Thursday, April 17, 2008

ROAD RAGE



Okay, I admit it. I sometimes get snotty behind the wheel of my car. I use words, not totally bad words, but words.

This was brought to my attention very forcibly when the grandgirl was around two and safe in her babyseat in the back of my car. A car had cut me off, suddenly and unexpectedly, and before I could open my mouth, the word "Jerk!" in a toddler lisp soared up and over and into my ears from behind me. Good for lots of later laughs but a stark reminder of how often I must have used the word for the grandgirl to spout it out so casually.

But I would never think of endangering anyone else or even showing the finger as the photo above has it.
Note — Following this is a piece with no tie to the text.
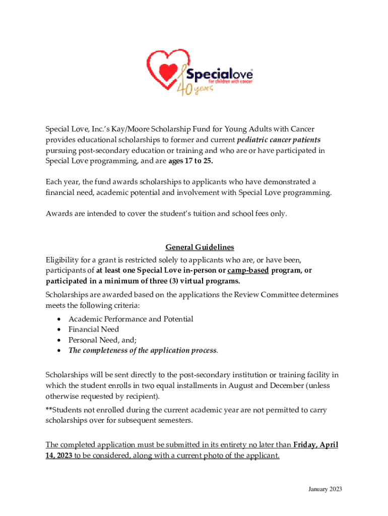 Special Love, Inc.s Kay/Moore Scholarship Fund for Young Adults with Cancer provides educational scholarships to former and current pediatric cancer patients pursuing postsecondary education or training

I often joke when I'm driving with passengers and some idiot on the road has nearly sideswiped me, "Any volunteers in the car to show him the finger?" and we laugh and bury the incident and forget how very close to death we have all come.

Like tonight. I'm driving north on a ramp to the 404, trailing a very slow moving white SUV. So I move to the right of him and all the cars behind me do the same. He's doing at least 40kms under the limit. Briefly I wonder what's wrong with him and then I put the pedal to the metal as they say and accelerate to the speed limit to pass him. I don't like passing on the right but here there is no choice. I'd like to be safe and at the right speed before hitting the highway just ahead.

Without warning, the SUV swings into my lane and I catch one look at the driver's face before swerving my small car on to the shoulder on my right, barely missing this behemoth of a vehicle and the concrete barrier. Thank goodness for the slight shoulder. Thank goodness for my quick reaction.

The driver of the SUV had been laughing at me. A great big horse laugh. He sped away at double his former speed, pounding on his steering wheel in glee.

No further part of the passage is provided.